I have Swissvax Alcantra cleaner and I'm guessing Nubuck it a similar fabric.

I have no experience of Nubuck material so any advice will be gratefully received 

Regards Steven


----------



## Andyblue (Jun 20, 2017)

Be interested in the replies as these are similar to my seats...


----------



## Mac- (Apr 9, 2019)

Nubuck is simply buffed leather, it's easily treated with 303 fabric guard and should stay clean, it responds well to a suede brush.


----------



## judyb (Sep 7, 2007)

It is highly unlikely to be Nubuck (leather) in a car unless it is a custom built. 
This will be a fabric (microfibre, Alcantara) and should be cleaned as a fabric.
Treating fabric as you would Nubuck or the other way round will do serious damage.
Hope this helps 
Judyb


----------



## Rappy (Oct 2, 2020)

judyb said:


> It is highly unlikely to be Nubuck (leather) in a car unless it is a custom built.
> This will be a fabric (microfibre, Alcantara) and should be cleaned as a fabric.
> Treating fabric as you would Nubuck or the other way round will do serious damage.
> Hope this helps
> Judyb


Agree 100% :thumb:


----------



## Coops (Apr 26, 2008)

I have the same in my V90 - leather and alcantara (i presume).
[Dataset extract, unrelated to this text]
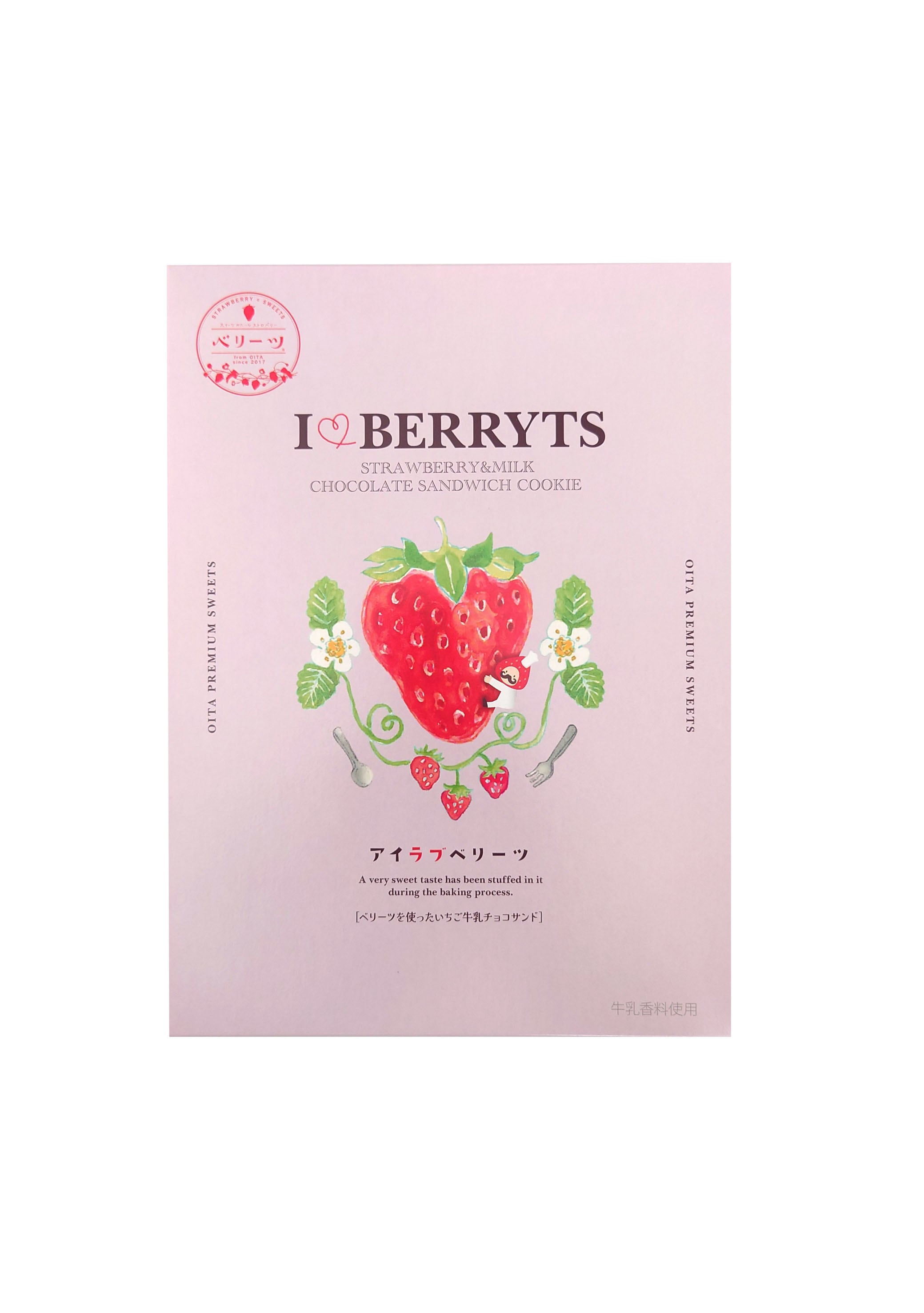 【原材料名】準チョコレート(植物油脂、乳糖、砂糖、全粉乳、ココアパウダー)(国内製造)、小麦粉、砂糖、鶏卵、澱粉、植物油脂、粉末油脂、イチゴパウダー(イチゴ(大分県産ベリーツ))/膨張剤、乳化剤、香料、ソルビトール、カゼインNa、着色料(ビートレッド、紅花赤、カロチン)、酸化防止剤(トコフェロール)、(一部に小麦・卵・乳成分・大豆を含む)本品製造工場では、落花生を使用した製品を製造しています。
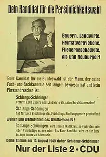 Hans Schlange-Schöningen sur une affiche électorale pour les élections fédérales de 1949.

I protected with GTechniq I1.

Did the same on my Skoda Superb some years ago which had the same setup - they were still looking relatively new after 4 years.


----------



## Andyblue (Jun 20, 2017)

judyb said:


> It is highly unlikely to be Nubuck (leather) in a car unless it is a custom built.
> This will be a fabric (microfibre, Alcantara) and should be cleaned as a fabric.
> Treating fabric as you would Nubuck or the other way round will do serious damage.
> Hope this helps
> Judyb


Mines listed as Leather / Nubuck seats...
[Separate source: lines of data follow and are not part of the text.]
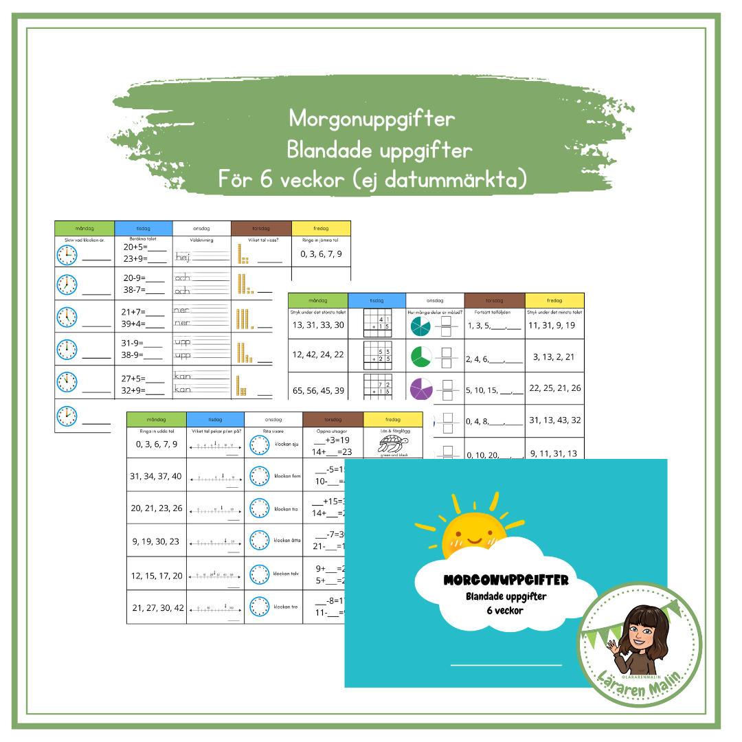 Detta ingår i Morgonuppgifter för 6 veckor (blandade uppgifter)
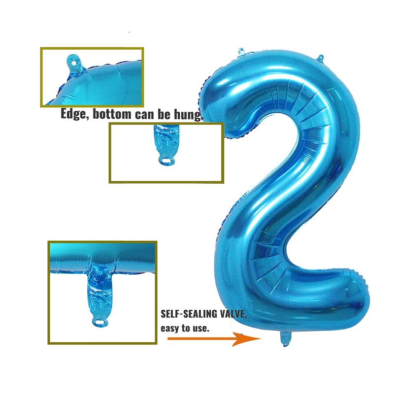2 Number Balloon Blue Big Number Balloons 40 Inch kit for Happy Birthday Party Decorations Foil Mylar Helium Baby Shower
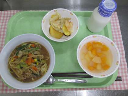みそラーメン 野菜チップス フルーツポンチ 牛乳

So presumably the OPs are too...


----------



## Steveo535 (Nov 26, 2016)

Andyblue said:


> Mines listed as Leather / Nubuck seats...
> 
> So presumably the OPs are too...


Thanks for all the replies

Yes mine is listed as the same. The Nubuck is listed as a textured material with Nappa leather on the outer panels.

Thanks again Steven


----------



## judyb (Sep 7, 2007)

Clearly a lot of manufacturers do not know what they are dealing with!!


----------



## ridders66 (May 24, 2019)

The only thing I use is Solclens, manufactured by Guardian Products. I've used it since 1985 and it has never let me down. It is a truly all purpose cleaner. Diluted accordingly it will clean blood, fat, grease, dirty engines, headlining, door cards, in fact it will clean every part of your car. It is amazing at dissolving fly remains from the front of your car. It is food safe so can even be used in the kitchen, it is a great oven cleaner when mixed stronger. It cleans upvc windows, it is great for cleaning stone flags too. It is the only thing I use through my Numatic upholstery cleaner. It has been used on some of the finest, most valuable cars every made without doing any damage. I have cleaned leather seats on Ferrari 250 SWBs, 275 GTBs, Aston DB4 GT Zagato interiors, Daytona seats, Enzo engines. Anything. And it is cheaper than any APC you will buy. It retails for around £17 + VAT for 5 litres and dilutes from between 10-1 to 100-1 so 5 litres will last you ages. 
Google Solclens Guardian Products, they are a family firm located in Barnoldswick, close to the Lancashire/Yorkshire border.


----------



## bluechimp (Dec 21, 2017)

judyb said:


> Clearly a lot of manufacturers do not know what they are dealing with!!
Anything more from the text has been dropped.